First I wrote 8_Rooks.js:
R - - - - - - -
- R - - - - - -
- - R - - - - -
- - - R - - - -
- - - - R - - -
- - - - - R - -
- - - - - - R -
- - - - - - - R
Then I added diagonals and got 5_Queens.js:
Q - - - - - - -
- - - Q - - - -
- Q - - - - - -
- - - - Q - - -
- - Q - - - - -
- - - - - - - -
- - - - - - - -
- - - - - - - -
By commenting out lines 326-332 I got 7_Queens.js:
Q - - - - - - -
- - - - Q - - -
- Q - - - - - -
- - - - - Q - -
- - Q - - - - -
- - - - - - Q -
- - - Q - - - -
- - - - - - - -
I wrote a blog post last year about writing nested loops by first writing out the code without loops, then abstracting one loop, and finally abstracting the 2nd loop. It's slow and tedious at first but saves time (and mental strain) debugging nested loops.
I started with 1_Rook.js, which uses a one-dimensional array to represent one row of the chessboard, and uses a for loop in a forEach loop to place one rook in the first square.
Next I wrote 8_Rooks_1stLoop.js with a two-dimensional array representing the entire chessboard, a forEach loop iterating through each row, and eight single for loops nested in the forEach loop,
each iterating through the squares of each row placing one rook correctly in each row.
Finally I abstracted the eight singles for loops into a single third-level (nested) for loop in 8_Rooks_2ndLoop.js.

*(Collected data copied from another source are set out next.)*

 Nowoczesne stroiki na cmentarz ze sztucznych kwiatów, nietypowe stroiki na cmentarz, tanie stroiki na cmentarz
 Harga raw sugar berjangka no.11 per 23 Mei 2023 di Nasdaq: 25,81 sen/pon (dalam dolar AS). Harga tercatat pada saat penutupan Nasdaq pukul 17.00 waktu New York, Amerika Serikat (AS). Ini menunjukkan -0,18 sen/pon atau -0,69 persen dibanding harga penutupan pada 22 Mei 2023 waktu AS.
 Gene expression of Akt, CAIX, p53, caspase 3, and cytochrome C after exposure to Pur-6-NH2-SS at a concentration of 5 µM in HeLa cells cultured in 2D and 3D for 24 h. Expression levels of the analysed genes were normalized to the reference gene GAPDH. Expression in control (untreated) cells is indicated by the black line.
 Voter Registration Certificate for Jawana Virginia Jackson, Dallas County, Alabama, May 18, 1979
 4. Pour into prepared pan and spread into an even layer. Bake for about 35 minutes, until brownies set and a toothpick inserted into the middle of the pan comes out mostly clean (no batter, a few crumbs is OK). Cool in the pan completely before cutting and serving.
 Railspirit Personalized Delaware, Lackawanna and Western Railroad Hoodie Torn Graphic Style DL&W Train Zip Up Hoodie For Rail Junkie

The third loop iterates through each square in a column.
8_Rooks.js(no loops) is 496 lines.8_Rooks_1stLoop.js(eight single loops nested in a forEach loop) is 91 lines.8_Rooks_2ndLoop.js(triple nested loops) is 26 lines.
As much as I enjoy programming challenges like this, in my experience JavaScript is more about connecting resources, e.g., getting Node's app.js to talk to the express.Router module while each route uses the Mongoose Node module to query the MongoDB database and then sends the data as a JSON object to the API so that the Angular front-end can receive the data, then setting up two-way data binding so that Angular can display
the data in the views, which are controlled by Angular's router, etc. Most projects have a dozen or more components. The challenges are choosing components that will work well together and getting them to talk to each other. Five months after graduation my classmates are still slacking each other asking which components work best with other components.

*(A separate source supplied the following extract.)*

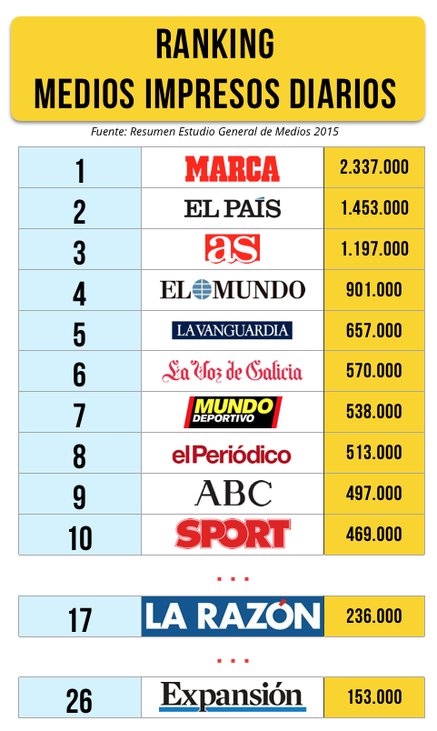 Aunque no sólo echamos en falta cabeceras en el apartado digital. Hay otras, como Cinco Días o El Economista, que no figuran en el análisis de medios impresos. Y también hay una razón: en el EGM sólo se analizan los diarios que cuentan con más de 60.000 lectores.

For my Galvanize capstone project I hooked up WebRTC video conferencing with a cloud database (Firebase) to give Angular five-way data binding (two users each with two-way data binding connected via AngularFire cloud data binding). You can go to the website, see a list of players waiting for a game, click a name and open a video conference window, then play a tic-tac-toe game with the other user. The code isn't pretty and it's just a tic-tac-toe game but our Director of Instruction told me that his jaw dropped when I demo'd it at our Hiring Day.
To make an analogy, in the years that I was an electronics engineer I used little of the math I learned in college, and instead studied telephone-book sized catalogs from distributors to see what parts were available, then figured out how to put the pieces together.
If you're looking for a coder who can recursively write triple nested loops to iterate over two-dimensional arrays, last summer I AirBnB hosted two wonderfully nice MIT students interning at Google. If you need someone to figure out how to hook up stuff no one has ever put together to make apps that solve customers' problems, that's what Galvanize graduates do.